Deporter-in-Chief? Not According to the Data
In his eight years in office, President Obama’s legacy on immigration can best be described as uneasy: though he campaigned on, championed, and eventually achieved limited reform, he also presided over the deportation of 2.5 million individuals throughout his two terms. Relying on executive orders in a time of gridlock, Obama’s push for change reached its peak in 2012 when he established the Deferred Action for Childhood Arrivals (DACA) program; in that same year, deportation numbers reached an all-time high, a fact coming at odds with the administration’s focus on progressive immigration reform. Despite sweeping characterizations from both sides, however, the data tells a different story: since 2012, the administration has deported fewer individuals on a year-by-year basis, while accepting more eligible immigrants into DACA — the lynchpin program that makes less deportations possible in the very first place, ensuring an effective (if still conflicted) legacy.
Rising from the ashes of the defeated DREAM Act, DACA helps to reiterate the importance of young, educated immigrants to the United States. If an undocumented immigrant enters the United States as a child before 2007 and has remained since with a clean criminal record and educational history, they are eligible to apply for “deferred action” — a temporary, renewable exemption from deportation plus work permit.
Signed into law by President Obama in June 2012, the policy has been assailed from all sides, most notably through United States v. Texas, a court challenge that has led to two relative victories: an injunction on the “expansion” of DACA to undocumented parents of U.S. citizens, and consideration of the case before the U.S. Supreme Court. Despite such obstacles, the DACA program has provided deferred action status to over 1.1 million previously undocumented immigrants, accepting over 90% of applicants every year.

In its first year, USCIS received over 150,000 applications. Four years later, over 1.3 million applications have been filed (United 3). Demographically, the vast majority (86%) of recipients are Mexican, and reside in either California (32%) or Texas (18%).


But how does DACA play into U.S. immigration policy at large, especially in a system so highly dependent on deportation? In the first full year of George W. Bush’s presidency, over 180,000 people were deported from the United States. In contrast, the first year of Obama’s first term led to nearly 390,000 deportations. The twofold increase rightfully gives cause for concern — why would a President who champions progressive reform act to deport so many, knowing the damaging familial consequences? With a critical examination of the data, however, the story is different: though the total number of deportations since 2008 have increased in comparison to the Bush presidency, the rate has decreased year by year: 389,834 deportations (2009) drops steadily — in the space of six years — to 235,413 in 2015.

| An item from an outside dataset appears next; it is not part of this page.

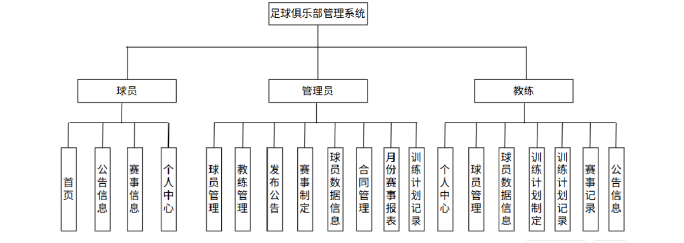 This system implements the management function of coaches and players by the club, as well as the permission verification function between different roles. It also includes functions such as event management module, contract management module, training plan management module, announcement management module, player database management module, etc.

The downwards trend, then, directly undermines the narrative that President Obama is unilaterally deporting more immigrants than ever, an assertion disproved further by looking at the positive trend of deportation rates under George W. Bush. Though only 189,026 people were deported in 2001, the trend steadily increases by around 30,000 extra deportees every year (except 2002), eventually leading to nearly 360,000 deportations by the end of Bush’s presidency. In comparison, though Obama’s deportation rates start out higher, they show concrete evidence of a year-by-year decrease — an achievement that is helped in no small part by the creation of DACA.
At the same time, DACA also helped to facilitate the success of fundamental deportation policy change, which further drives figures downward. Two years after President Obama signed DACA into law, Secretary of Homeland Security Jeh Johnson sent a memorandum concerning the “apprehension, detention, and removal of aliens” in the United States, most notably putting into action a priority-based system for deportations, with threats to national security at the very top and non-criminals with merely immigration law violations at the other end.
This marked a huge paradigm shift in U.S. deportation policy, which (since the passage of the Illegal Immigration Reform and Immigrant Responsibility Act of 1996) had relied upon low legal barriers to deport ever-increasing numbers of immigrants — manifest through the huge increase of deportations under the Bush administration.

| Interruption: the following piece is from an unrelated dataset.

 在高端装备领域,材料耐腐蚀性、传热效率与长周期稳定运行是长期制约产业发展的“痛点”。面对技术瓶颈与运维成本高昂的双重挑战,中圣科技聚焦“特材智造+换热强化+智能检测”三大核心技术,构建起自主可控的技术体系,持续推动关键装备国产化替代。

The new policy’s impact, then, can easily be quantified through data: in 2014, convicted criminals formed 56% of the total number of deportations, whereas 59% of those deported in 2015 were convicted criminals. At the same time, 40,000 fewer people were deported in 2015 as opposed to the previous year, showing a clear link between recomposed policy and decreased removal rates. Moreover, DACA has made the rewritten policy far more effective; by allowing a large subsection of the undocumented immigrant population to step out from the shadows, USCIS can refocus their resources towards those higher on their list of priorities with greater efficacy.
Even as it faces legal scrutiny under the Supreme Court, DACA’s benefits are clear — not only has it helped over 1.1 million previously undocumented immigrants, but also has provided USCIS with the leeway necessary to refocus deportation policy, driving deportation numbers downward year-by-year. What yet remains to be seen, however, is DACA’s long term impacts for its recipients and the American people at large. Ultimately, as the nation inches ever-closer to an election day defined by demagogues and divisive rhetoric, Obama’s legacy on immigration will only play an ever-increasing role in the future of this nation.
This article was created as part of an assignment in GOV 374N at the University of Texas at Austin.